PROBLEM DESCRIPTION -> Below are records with pictures; copy word for word only the lines between the line with "위에서부터 순서대로 먼슬리" and the line with "Fototapeta premium Bubbles", inclusive, and drop the pictures.

*** Begin section ***

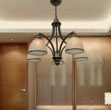 Ce lustre est conçu pour s'adapter à divers environnements. Son style vintage et son matériau en fer forgé, associé à un abat-jour en verre dépoli, permettent une diffusion douce et chaleureuse de la lumière. Imaginez-le suspendu au-dessus de votre table à manger, créant une atmosphère intime lors de vos dîners en famille ou entre amis. Dans le salon, il peut ajouter une note de sophistication, tandis que dans une chambre, il offre une ambiance relaxante propice à la détente.
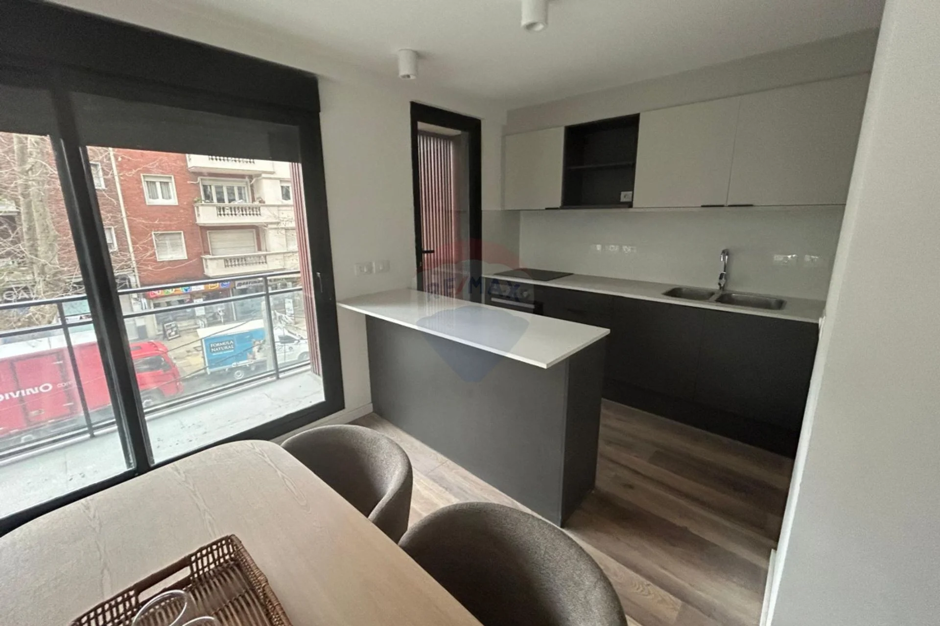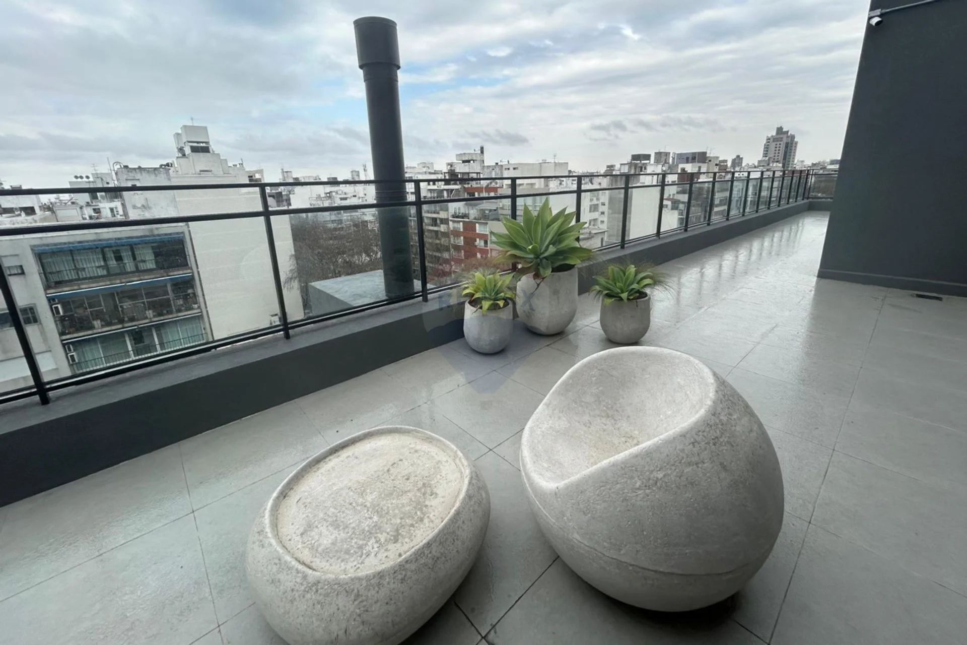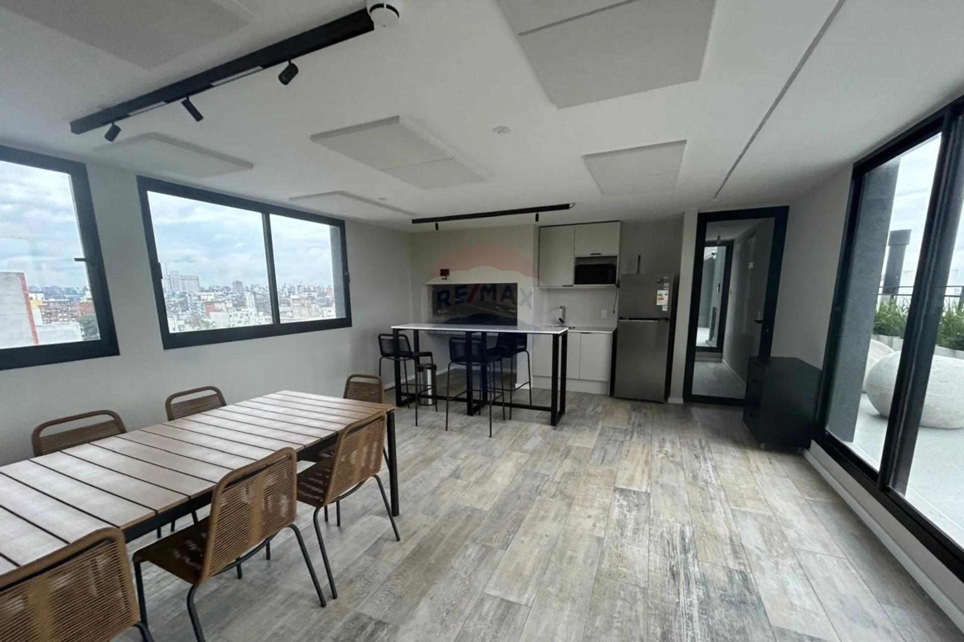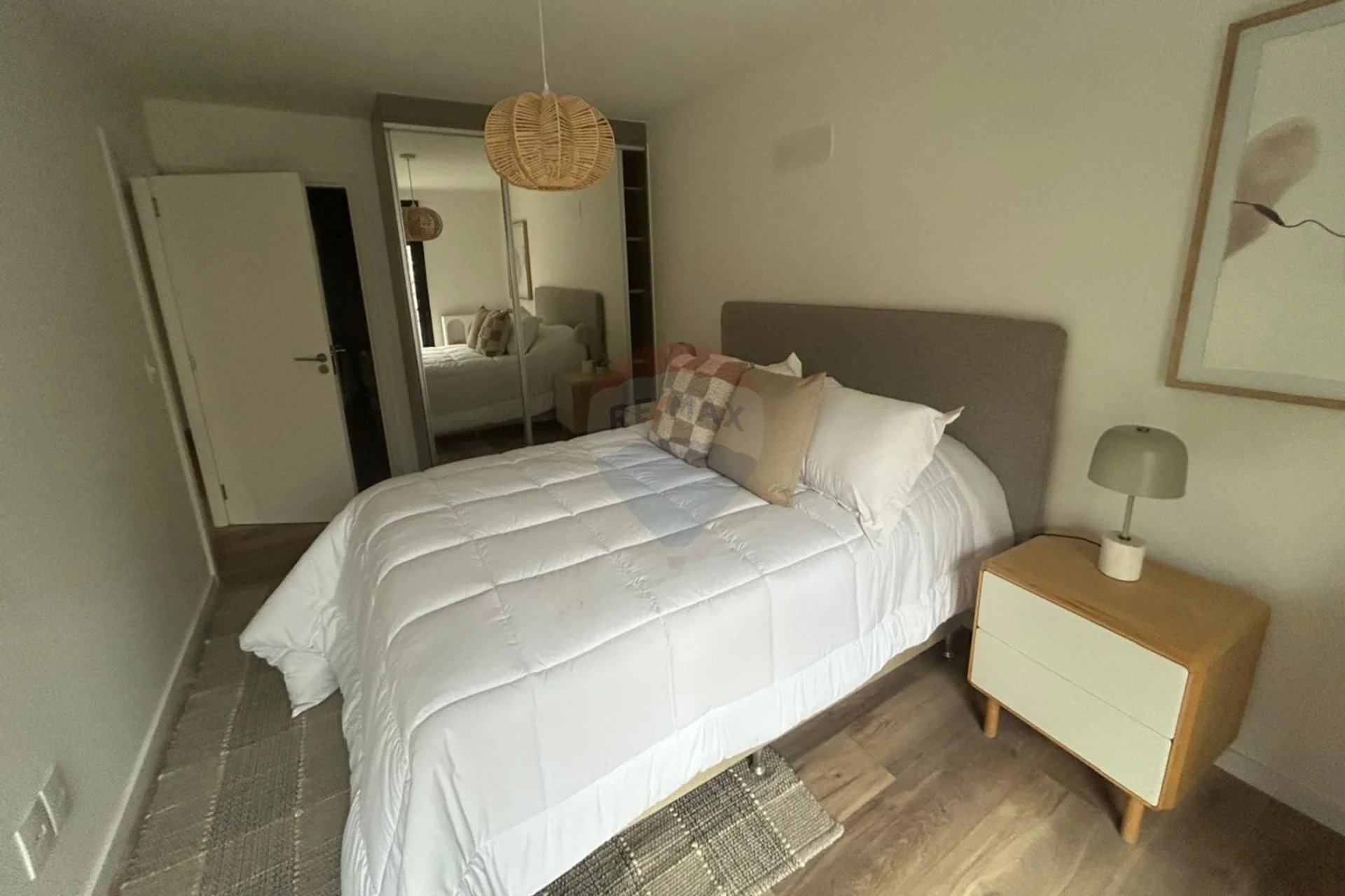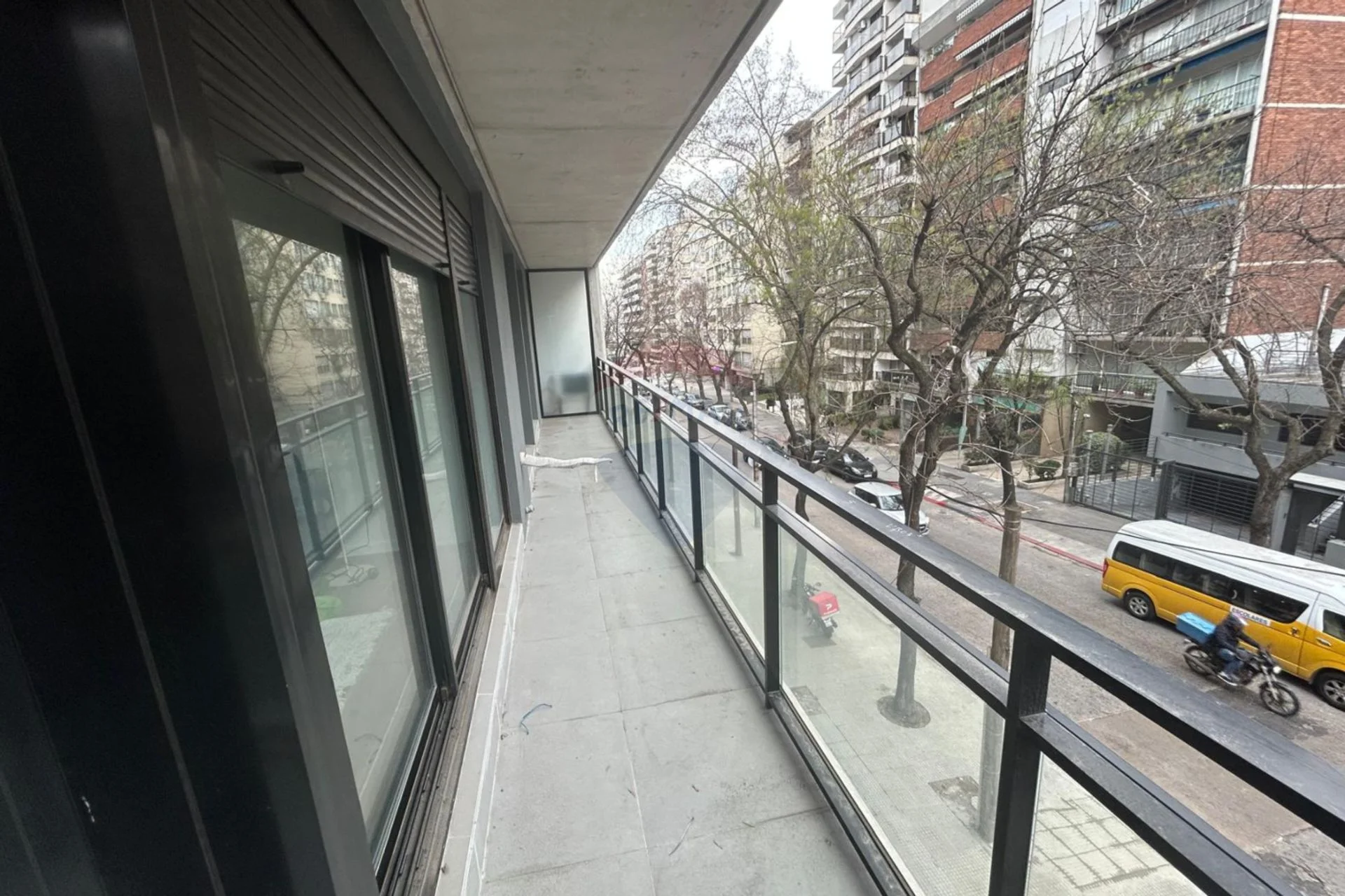Esta unidad contará con 64,2 mts2 construidos, con un amplio ventanal de aluminio y persianas enrollables, y un gran balcón de 18,7 mts2, muy luminoso. Los suelos serán de listones vinílicos estilo madera o flotante. La cocina contará con una moderna encimera de cuarzo, pileta de acero inoxidable, muebles de melamina y un grifería de mesada monocomando. Además, el apartamento vendrá con la preinstalación lista para aire acondicionado, incluyendo desagüe y conexión eléctrica.
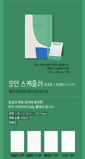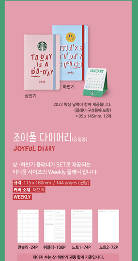 위에서부터 순서대로 먼슬리 24P, 데일리 314P, 플래닝 12P, 노트 12P
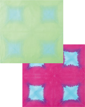 ボックス形のグラデーションを4ブロック配置した新デザインのむら染め布を2色セットにしてお届け。1枚でベースにしたり、分割してミニキルトにしたり、様々なアレンジが楽しめます。「シェイドカラーコレクション」や「手染めスカイ」と組み合わせても。
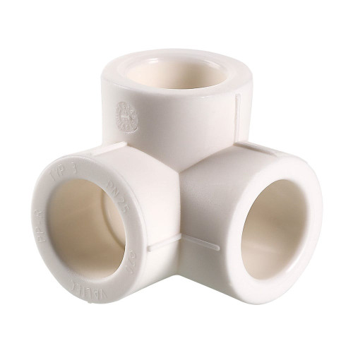 Полипропиленовый фитинг – тройник для разветвления полипропиленового трубопровода в двух плоскостях (тройник двухплоскостной). Монтаж производится методом раструбной сварки. Свариваемые поверхности – внутренние. Серия включает в себя фитинги с условным диаметром 20, 25 и 32 мм.
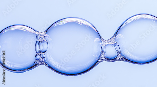 Fototapeta premium Bubbles float gracefully in the air against a serene blue background during a...
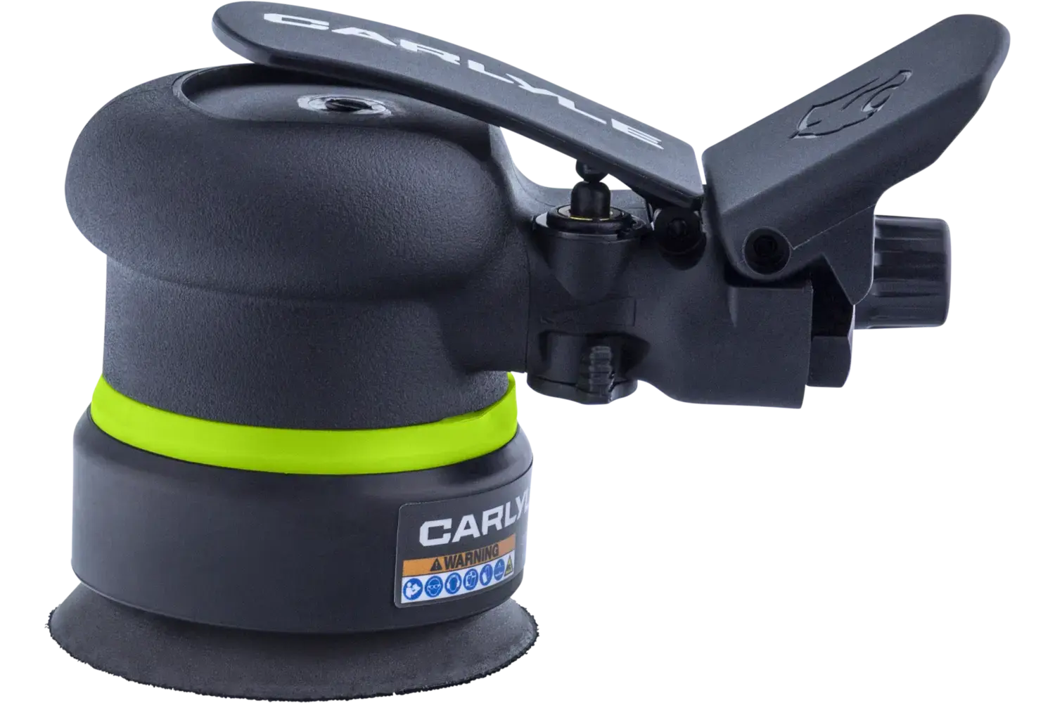 The Carlyle Random Orbital Sander is built for durability, precision, and all-day comfort, making it a go-to tool for pros and DIYers alike. Powered by an efficient 0.3 HP oil-free motor, it delivers extended use with minimal maintenance, while the variable speed throttle gives you ultimate control for precision sanding. Designed with low-noise technology, it operates at less than 85 dB, helping protect your ears during long jobs. The integrated wrist support offers comfort during extended applications, and the Kevlar-impregnated rotor blades boost the lifespan by 50%, making it as tough as the jobs you tackle. Available in 3/16-inch or 3/32-inch orbits and 6-inch or 3-inch sizes, this sander is ready for any project that demands rugged performance and flawless results.

*** End section ***

WORKED SOLUTION ->
 위에서부터 순서대로 먼슬리 24P, 데일리 314P, 플래닝 12P, 노트 12P
 ボックス形のグラデーションを4ブロック配置した新デザインのむら染め布を2色セットにしてお届け。1枚でベースにしたり、分割してミニキルトにしたり、様々なアレンジが楽しめます。「シェイドカラーコレクション」や「手染めスカイ」と組み合わせても。
 Полипропиленовый фитинг – тройник для разветвления полипропиленового трубопровода в двух плоскостях (тройник двухплоскостной). Монтаж производится методом раструбной сварки. Свариваемые поверхности – внутренние. Серия включает в себя фитинги с условным диаметром 20, 25 и 32 мм.
 Fototapeta premium Bubbles float gracefully in the air against a serene blue background during a...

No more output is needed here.